## WHAT YOU WILL DO
Print out the data that follows exactly, character for character, apart from the pictures.

## SUPPLIED INFORMATION
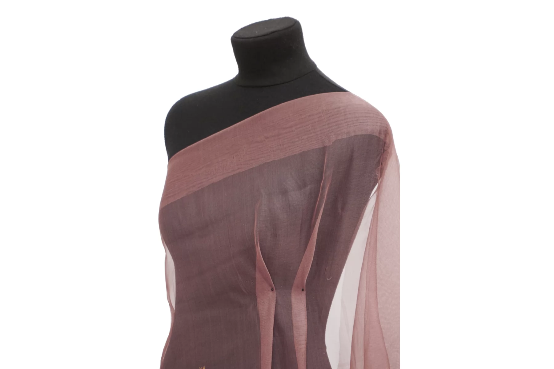 Прекрасная шелковая сетка, легкая, летящая, тонкая, полупрозрачная, в красивом темном припыленно-розовом оттенке. Не тянется. Мягкая, красиво смотрится в складке. Отлично подойдет как на повседневные на блузку, платье, тунику или юбку, так и для торжественных нарядов. Ткань легкая и нежная, возможны раздвижки при пошиве. Внимательно выбирайте иглы и нитки для пошива.
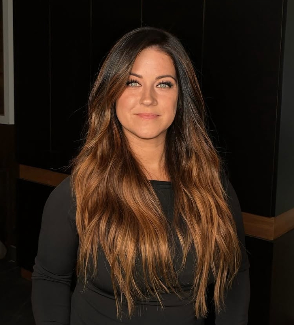 On est sur une base brun profond naturel (espresso/chocolat) Les longueurs évoluent vers un caramel miel / doré, avec des reflets lumineux et multidimensionnels
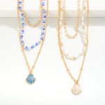 Layered Chain Link and Beaded Necklace Featuring Enamel Shell Pendant

## YOUR RESPONSE
 Прекрасная шелковая сетка, легкая, летящая, тонкая, полупрозрачная, в красивом темном припыленно-розовом оттенке. Не тянется. Мягкая, красиво смотрится в складке. Отлично подойдет как на повседневные на блузку, платье, тунику или юбку, так и для торжественных нарядов. Ткань легкая и нежная, возможны раздвижки при пошиве. Внимательно выбирайте иглы и нитки для пошива.
 On est sur une base brun profond naturel (espresso/chocolat) Les longueurs évoluent vers un caramel miel / doré, avec des reflets lumineux et multidimensionnels
 Layered Chain Link and Beaded Necklace Featuring Enamel Shell Pendant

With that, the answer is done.